OBAMA: It’s very hard to have the kind of bipartisan work that we’re going to do, because the whole question was structured as a talking point for running — running a campaign.

(END VIDEO CLIP) WALTERS: That was President Obama appearing before House Republicans at their annual retreat on Friday, an unusually open and honest back-and-forth, and we’ll talk more about that with our roundtable. George Will, Arianna Huffington, Paul Krugman, and Roger Ailes, who is chairman and CEO of Fox News.

Roger, just let me begin with you. You have had your own back- and-forth with the White House. They were not very happy with you, banned you for a while. Have you kissed and made up?
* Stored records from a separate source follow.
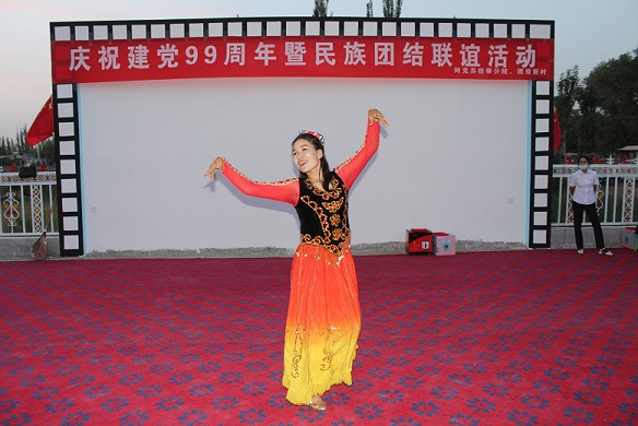 清风网讯 (新疆维吾尔自治区人民检察院阿克苏分院;李翔翔)历经99载辉煌岁月,伟大的中国共产党迎来了99岁生日,“七·一”建党节之际,新疆维吾尔自治区人民检察院阿克苏分院驻团结新村工作队、村两委、结亲干部和群众以“党旗映天山“为主题举办了庆祝建党99周年暨民族团结联谊活动,共同为伟大的中国共产党庆生。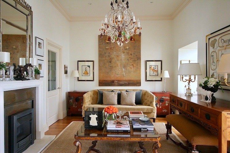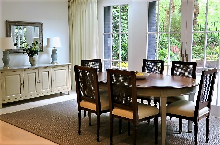 The brief was to design the living, dining/garden rooms interiors retaining the integrity of the historic details. A fireplace was installed which served as a focal point along with a much-needed heating element since three radiators in the living room were removed so as to free up the wall space allowing furnishings to be placed in front of them. A bookcase was custom designed to house books, audio and video elements, hidden in drawers, as well as a screen.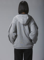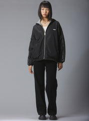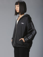 Reversible sportswear jacket (no sports required, or desired TBH). UNIF sportswear patch branding on the chest with reflective stripe detailing on the arms (blackside). Full zip front with front welt pockets and a hood. Fit is oversized but we recommend taking your normal size.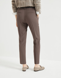 Silk and acetate crepe cady fabric provides a fluid and sophisticated touch to the essential lines of these Tailored Jogger trousers. The regular fit is enhanced by the small pleats that complement the soft proportions in the seat and the regular cut down the leg. The elastic waistband reflects the characteristic silhouette of sporty trousers. MATERIALS A classic fabric of the Brunello Cucinelli collections, the silk and acetate cady crepe is characterized by a slightly crushed appearance and an ultra lightweight texture. DETAILS Pull-up trousers Front pockets Back welt pockets Pleat 52% ACETATE, 48% SILK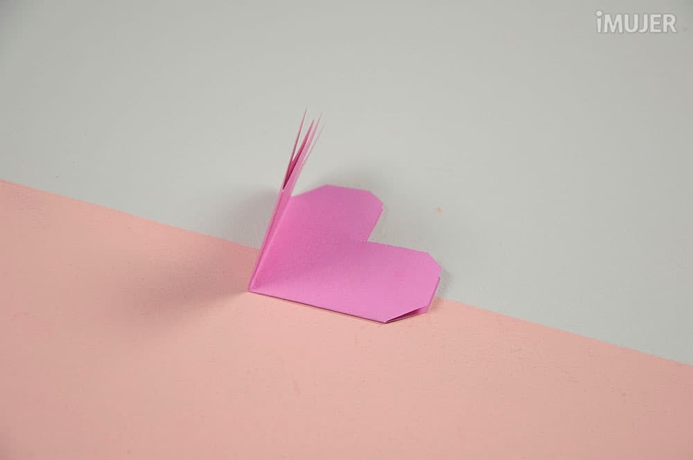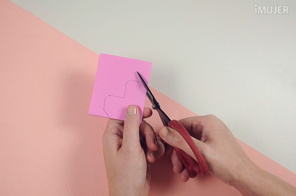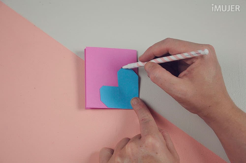 Coloca el molde de corazón justo en la esquina de la cartulina doblada y copia su silueta con el bolígrafo.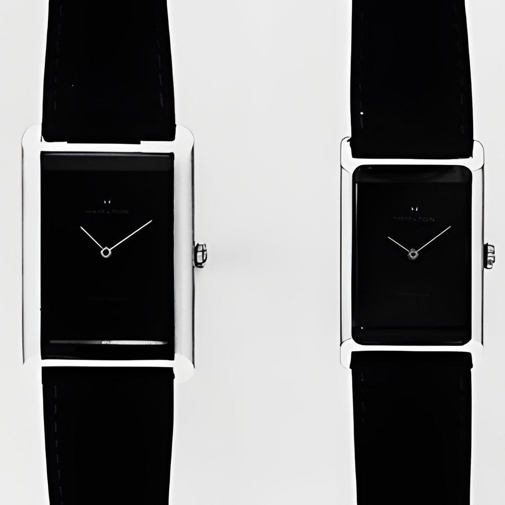 Two models from Hamilton’s new “Couturier”line. They form a pair, similar except for size. Yellow or white goldplate, mirrorpolished dial plate, quartz-coloured crystal. (HAMILTON “Couturier”)

Is it hunky- dory?

AILES: Well, they tried to ban us. They tried to break the pool, but the other networks stepped up and protected Fox on it, because it was tortuous (ph) interference with a contractual relationship and sort of tramping around on the Constitution…
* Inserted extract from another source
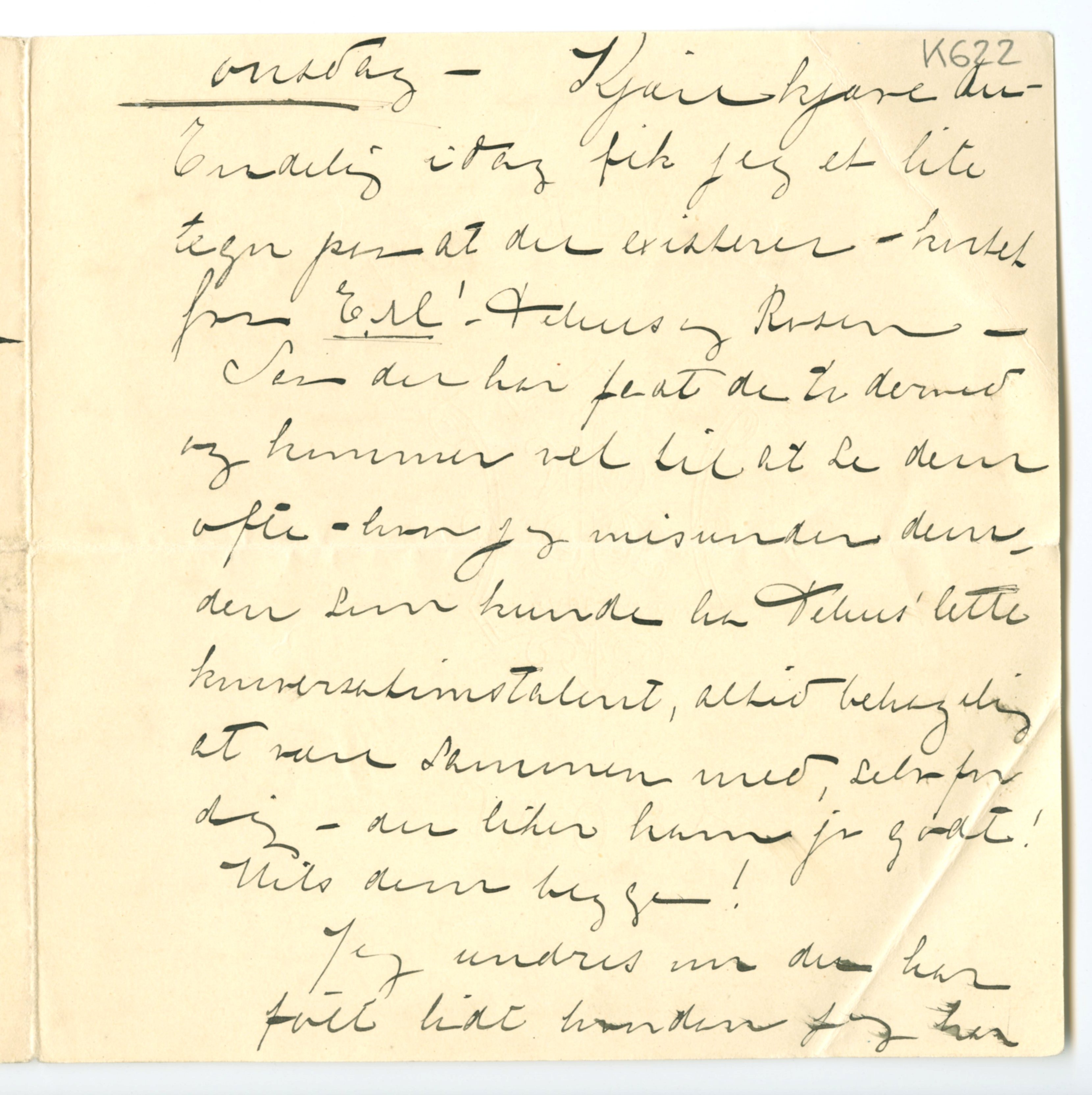 MM K 622, Munchmuseet. Ikke datert. Brev fra Tulla Larsen.

WALTERS: But now you’re OK.

AILES: We’re fine. I mean, we were — it was not as bad as it was played, and things are not as great (ph) as they should be, but we have a good dialogue. And I saw the president and his wife at the media Christmas party. They were very gracious, very nice, both of them. And we have a dialogue every day with them.

WALTERS: Aw, shucks. It was more fun the other way.

AILES: Well, I’ll pick a fight if you want. I mean, I’ll be happy to get into one.

(LAUGHTER)

AILES: But I think there will be others. We have differences, but…

HUFFINGTON: Well, Roger, it’s not a question of picking a fight. And aren’t you concerned about the language that Glenn Beck is using, which is, after all, inciting the American people? There is a lot of suffering out there, as you know, and when he talks about people being slaughtered, about who is going to be the next in the killing spree…

(CROSSTALK)

AILES: Well, he was talking about Hitler and Stalin slaughtering people. So I think he was probably accurate. Also, I’m a little….

HUFFINGTON: No, no, he was talking about this administration.

AILES: I don’t — I think he speaks English. I don’t know, but I mean, I don’t misinterpret any of his words. He did say one unfortunate thing, which he apologized for, but that happens in live television. So I don’t think it’s — I think if we start going around as the word police in this business, it will be…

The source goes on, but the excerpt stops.